After moving my primary device LAN from 192.168.1.0/24 to 192.168.3.0/24, Pihole will be able to read my machine hostnames as it did before the move. Pihole stil resides in the 192.168.1.0/24 network.

Actual Behaviour:

With rare exceptions, device hostnames are not showing up in Pihole Dashboard stats. Instead I get only IP addresses on many previously-known devices after 4 or 5 days since the change. With the new IP addresses, each device shows no MAC address under Tools/Network. I suspect this is why it can't match up to a hostname.

At first I thought it was Apple devices not showing up correctly (privacy settings, etc.), but this is affecting non-Apple devices as well, such as a Windows 10 computer.

I have experimented with conditional forwarding configs but have been unable to affect any change.

Debug Token:

Uo7QGJ3B

Are you using a VLAN controller to pass traffic between the various VLAN's? If so, are you specifically allowing port 53 (DNS) traffic to pass between VLANs?

If you route from your 192.168.3 network to your 192.168.1 network, the only mac address your pihole will see is the mac address of the router delivering packets on behalf of the machines on your 192.168.3 network.

My firewall allows all traffic from any VLAN (I have multiple) to access my Pihole's IP, it then blocks any port 53 or 853 traffic that isn't allowed by the prior rule.

Also DNS lookups are not failing in any way, on any VLAN. This new network is heavily used, and if DNS lookups were failing I would see them immediately.

I just realized my Windows 10 machine is resolving the hostname now. I haven't used the Win10 machine in a few days, so maybe using it now supplied the missing host name. That would indicate only the Apple devices are not showing up now.

So I ran some more tests. I toggled Private Wi-Fi Address on my iPhone off, saw that Pihole was registering the MAC address, then ran a few web page lookups from the phone. I noted the activity in the query log, saw that it showed my iPhone's hostname, and a (different) IP address. However, when I went to Tools/Network and found my iPhone, it showed the correct IP address but N/A for the Hardware Address.

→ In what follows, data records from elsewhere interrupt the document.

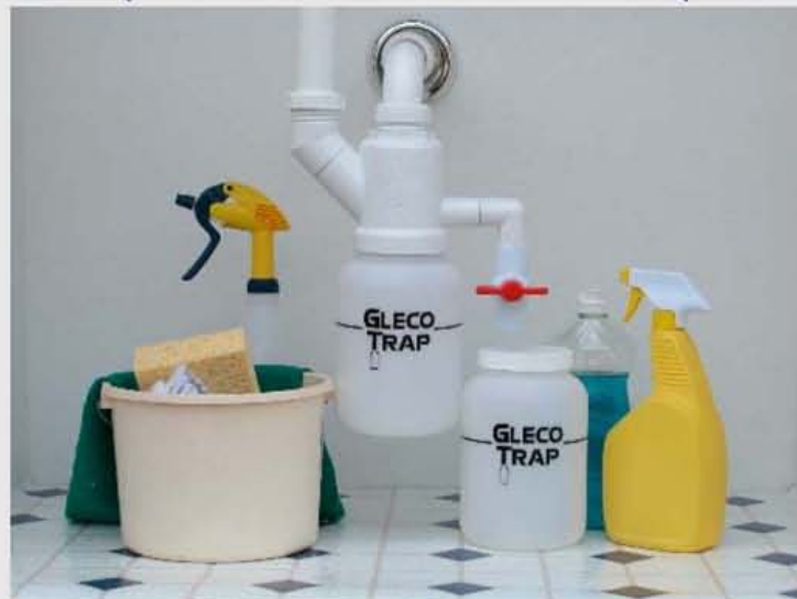
Step 5: DONE!
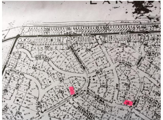
Lots (l.to r.) 3 and 11.
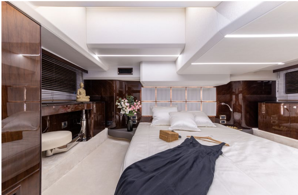
Hand-made headboard of a huge bed and an extendable seat in the master cabin —
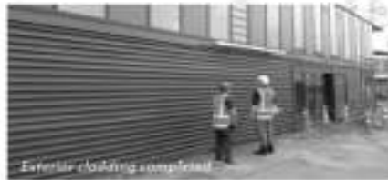
Exterior cladding completed

Once the building is completed, construction will start on the town square, car park area and the inside spaces will be fitted out.
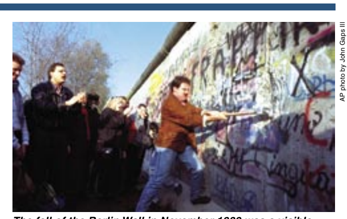
The fall of the Berlin Wall in November 1989 was a visible symbol of the fall of the Soviet Union, which formally ceased to exist two years later.

Dec. 26, 1991. The Soviet Union ceases to exist.
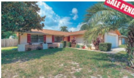
759 CALIENTE DR
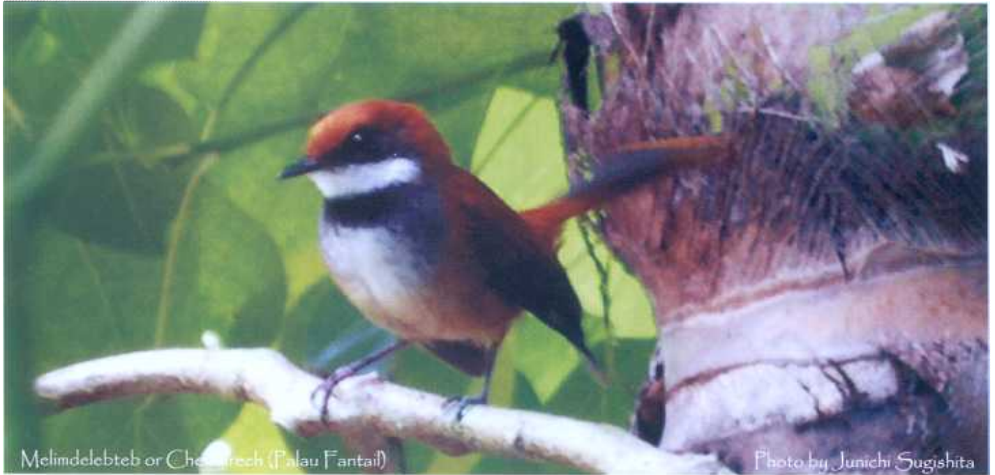
Melimdelebleb or Chelchirech (Palau Fantail)
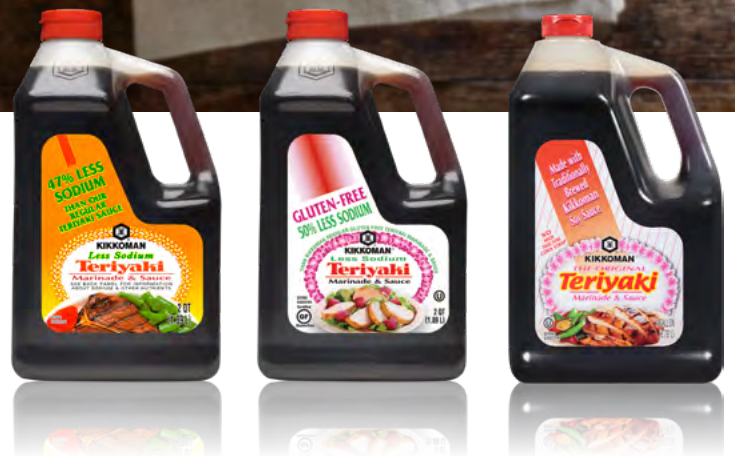
Two great alternatives for specific dietary needs: Less Sodium Teriyaki Marinade & Sauce and 50% Less Sodium Gluten-Free Teriyaki Marinade & Sauce
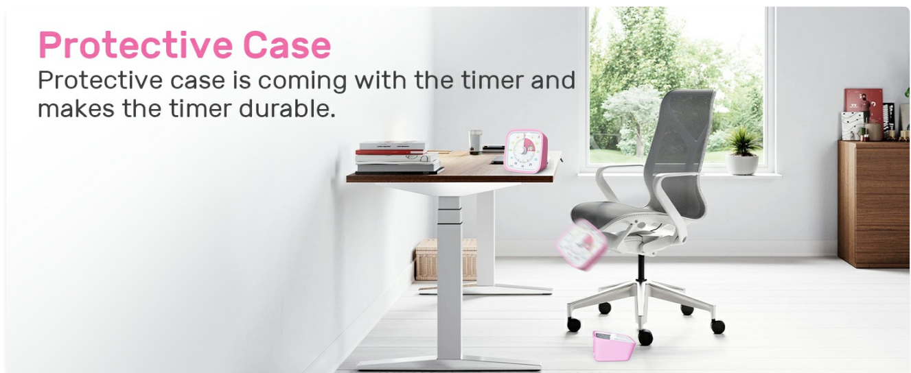
Figure 4: Protective case for enhanced durability.

The timer comes with a silicone protective case. Ensure the case is properly fitted around the timer for optimal protection against impacts.
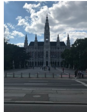
The Rathaus (City Hall)
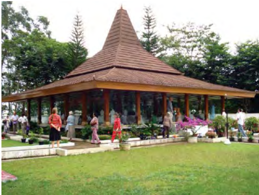
Cover photo & above: Subud members paying their respects at Bapak's gravesite, Suka Mulya, Indonesia.
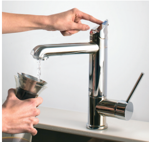
Instant boiling and chilled filtered water

Boiling and chilled filtered drinking water, instantly, PLUS hot, cold or mixed warm water – All from the one tap!
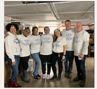
MLK Day of Service: Cleaning the Friendship Center
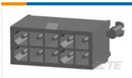
TE Part #1-770743-0 10P MINI UMNL HDR ASSY D/R VRT
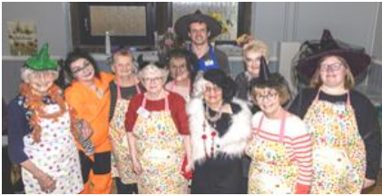
The Olive Branch volunteers dress for Halloween

The Olive Branch is closed from 11 th December to 8 th January.
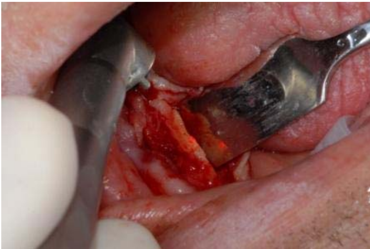
Figure 3: Surgical-conservative approach using Er:YAG

The absence of haemostatic effect in the Er: YAG laser represents an advantage in this case, as it is essential to distinguish, in the surgical phase, the proportion of the avascular necrotic bone from the clinically healthy and vascularized one (bleeding) (Figure 3).
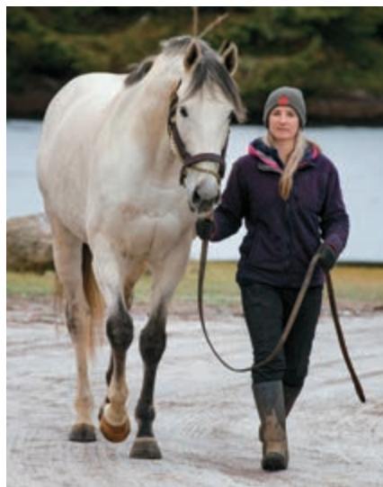
Shannondoe stallion Conquest Curlinate, a son of top sire Curlin

"We all know the scrutiny we are under in the public eye with all these breakdowns," she said. "I believe it's because horses aren't raised to be tough anymore, and they need that bone density. Instead of letting them run in paddocks and rough-
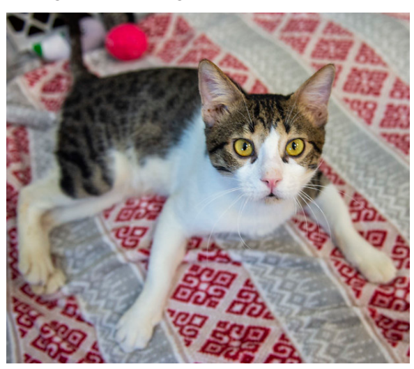
Kiko is on a campaign to become the king of all hearts...starting with yours!

Thanks to you, Tabby's Place is the hope and glory of cats like Kiko all over the world. And thanks to you, Kiko's future looks "very sweet...very stable!"
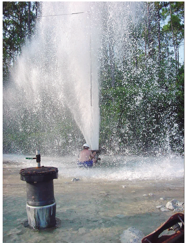
Groundwater well.
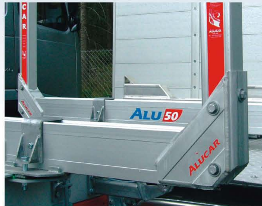
Secure bolted fitting of stakes on bunkframe
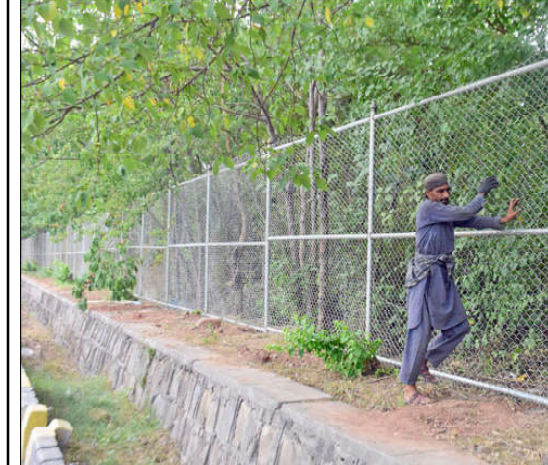
ISLAMABAD: The fence of the Golf Club adjacent to the Islamabad Club is being reset.
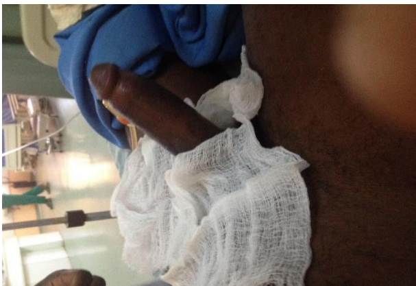
Figure 1: Stuttering priapism with erect penis.

He was admitted into the intensive care unit (ICU) and on the day 2nd post-operative he started having recurrent penile erections up to a total of 4 episodes at intervals of time varying from 1 to 3 hours. The urologist was invited and who made a diagnosis of stuttering priapism. In addition to the continuation post-operative intravenous fluids, he had aspiration of the corpora cavernosa with the resultant penile detumescence. There were no more episodes of penile erections. He underwent post-operative physiotherapy for the quadriplegia for which he showed full recovery of power in all the limbs nine months post operatively. Patient during subsequent had normal erectile function. Histology of the surgical specimen concluded it to be that of schwannoma.

I ran the above test again, got yet another IP address with Private Wi-Fi turned off, and the new IP address showed in Tools/Network but still N/A for the Hardware Address.

So again, it looks like Apple iPhones/iPads are not passing their hardware address info to Pihole even after turning off Private Wi-Fi. This was not always the case; I may have had situations where the hostname was not passing, but I have always gotten a MAC address to show up in Pihole. As a data point, my Apple TV on the same new network passes the hardware address, but it's connected via Ethernet cable and not on the Wifi, so Private Wi-Fi settings wouldn't apply here.

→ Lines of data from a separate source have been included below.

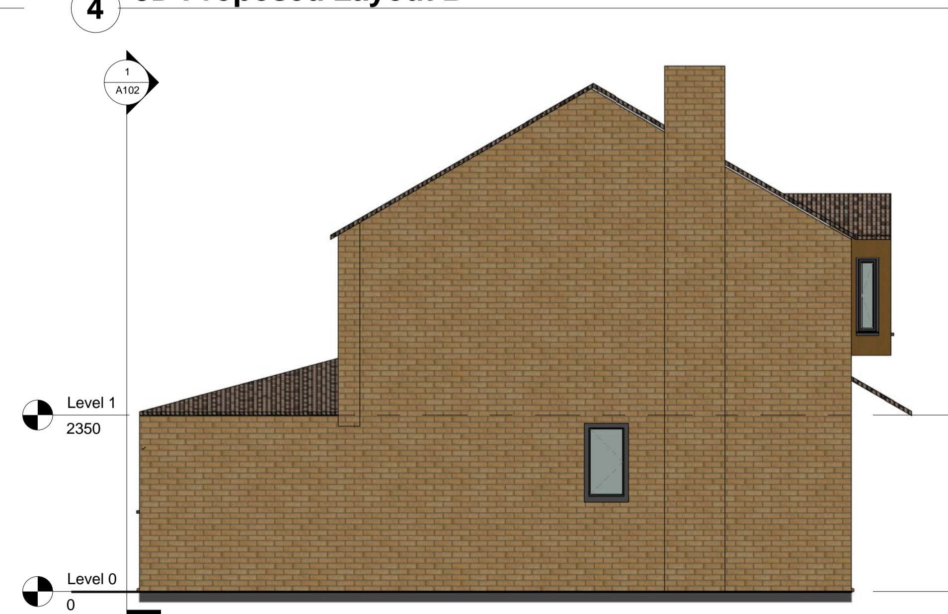
2 Proposed Extension Elevation B 1 : 50
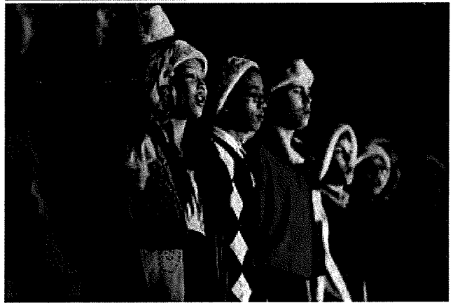
20th Anniversary of Ethel M's Cactus Lighting
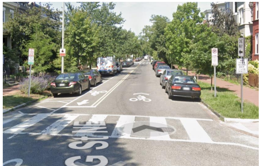
Existing contraflow bike lane in the 700 block of G St NE One-way traffic with parking on both sides

Feedback deadline is Friday, October 30, 2020 . Based on the feedback, DDOT will be issuing a Notice of Intent (NOI).
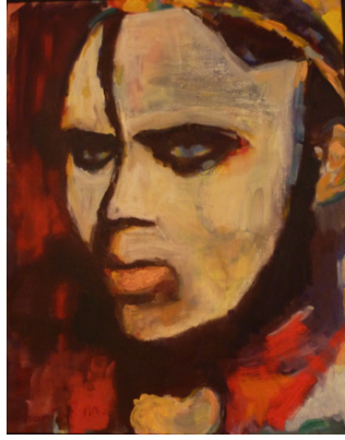
‘Colours in Black’
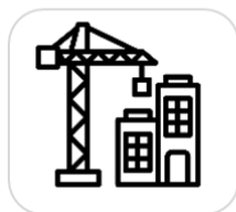
Construction and real estate activities
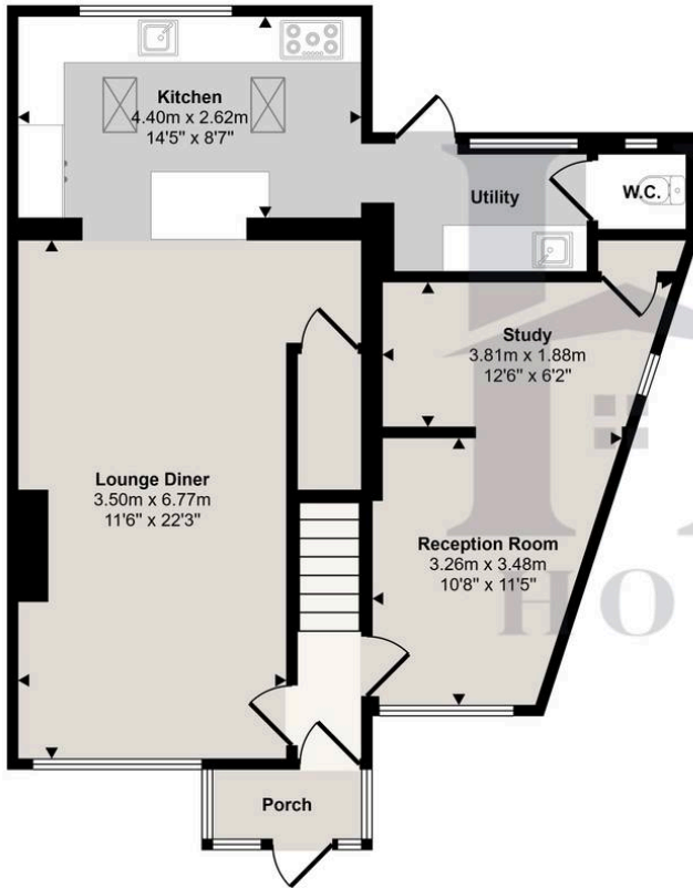
Ground Floor Approx 69 sq m / 744 sq ft
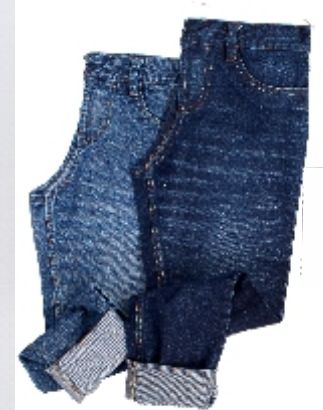
Article : 3628 Shade : Dark Indigo | Weave : 3/1 RHT Weight : 11.50 Oz/Sq.Yd | Width : 67.00" ± 1 Wef Shrinkingage : 0-2%

Some change to iOS or maybe even Pihole is at the bottom of this.

As just one data point, I have multiple IOS (latest), MacOS (latest) and TVOS (latest) devices running with multiple versions of Pi-hole with no issues.

I appreciate, as always, the input here! @Moto's feedback (coupled with the data point offered by @jfb) is what made me finally understand what was going on. It didn't make sense at first but after reviewing query logs and recognizing what I had done when moving my devices to a new network, it became clear.

I moved my Raspberry Pi over to the new network, ran pihole -r, and am moving forward. Thanks! My hypothesis regarding the cause of the issue was completely in the wrong universe, never would have figured that out if you guys hadn't chimed in!